Проверка моей невиновности (страница 2)

Страница 2

Прим стояла неподвижно и смотрела ему в удалявшуюся спину. Потрясенная – потрясенная и окаменевшая, и последние два слова этого человека она несколько дальнейших часов не могла вытряхнуть из головы. Она думала о них в автобусе по дороге домой и продолжала о них думать даже сейчас. Более того, существовала вот какая опасность: если не предпримет что-нибудь решительное, она продолжит думать об этих словах весь вечер вплоть до отхода ко сну, когда бы тот ни случился (бессонница была одной из многих ее теперешних бед).

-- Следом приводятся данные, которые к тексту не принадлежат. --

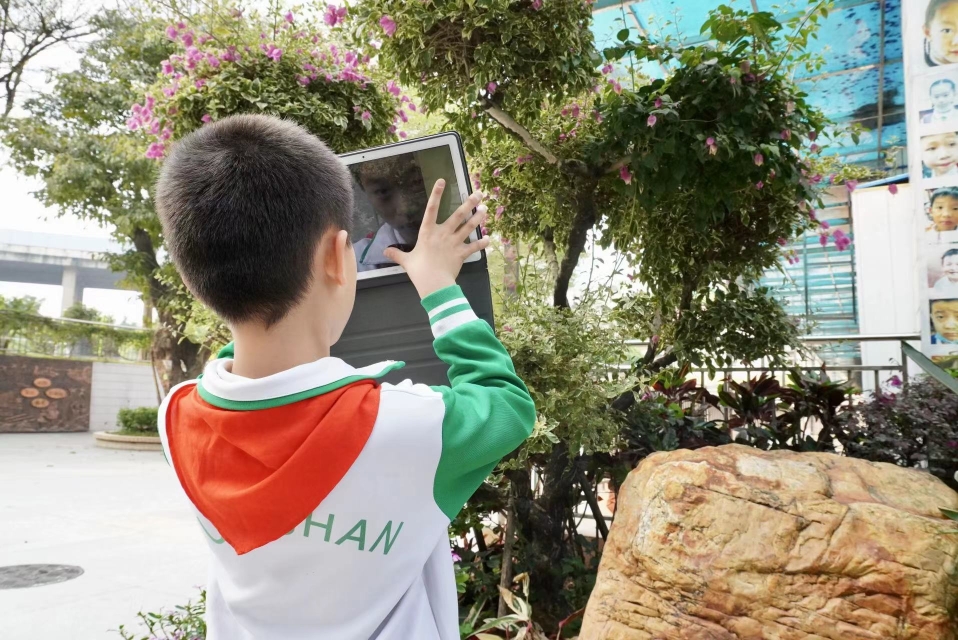 上课铃响了,校园的草丛旁却闪现同学们的身影,人手一台平板,对着校园中的花草“咔嚓”拍照。

А потому она проделала то, к чему часто прибегала в нервозные минуты. Обогнув гараж, где отец искал картонные коробки, и кабинет, где работала мама, Прим юркнула наверх к себе в спальню и улеглась на кровать. Воткнув наушники в уши и держа телефон на весу над собой, зашла на “Нетфликс” и промотала вниз, ища, какую бы серию “Друзей” посмотреть. Такой у нее был излюбленный телевизионный спасательный круг, один из самых надежных способов временно укрыться от окружающего мира. Каждую серию она уже посмотрела больше десятка раз, поэтому в последние дни действительно только и нужно было, что ткнуть наобум. Сегодня ей подвернулся первый сезон, двадцать первая серия, “Которая с поддельной Моникой”, где у одной героини воровка кредитных карт крадет личность. Серию эту Прим считала сильной, и не в последнюю очередь потому, что сама самозванка оказалась такой занятной. В конце серии она попадает за решетку, и Прим неизменно жалела, что этот персонаж не появляется в дальнейших сериях. Хотелось бы знать о ней больше: что настолько плохо в ее жизни, отчего ее тянет на кражу чужой личности и переизобретение себя? До чего заманчивая мысль, по многим причинам. Исчезнуть, раствориться в воздухе, оставив за спиной целую жизнь, полную ошибок и неловкостей, а затем вновь возникнуть в совершенно ином обличии. Родиться заново…

Разумеется, в той серии были и другие сюжетные линии, зрителю на радость: Росс в поисках нового дома для своей ручной обезьянки, попытки Джоуи выбрать новое сценическое имя. Для Прим притягательность вселенной “Друзей” сводилась к очаровательной предсказуемости, выдержанной во всех двухстах тридцати шести сериях. Когда завершилась эта, Прим почувствовала себя (как это всегда бывало) гораздо спокойнее. Привкус обиды, оставшийся от встречи у лифтов, сходил на нет, оставляя лишь стойкую ярость от высокомерия того человека. Вместе с тем она теперь окончательно уверилась в том, что, если написать о случившемся, произойдет очищение, катарсис. Она просто не понимала, с чего начать. Возможно, надо взять и нырнуть в это и рассказать историю, начать облекать ее в слова и посмотреть, куда этот процесс ее заведет. Вот так это делается у писателей?

За вдохновением она решила заглянуть в отцову библиотеку.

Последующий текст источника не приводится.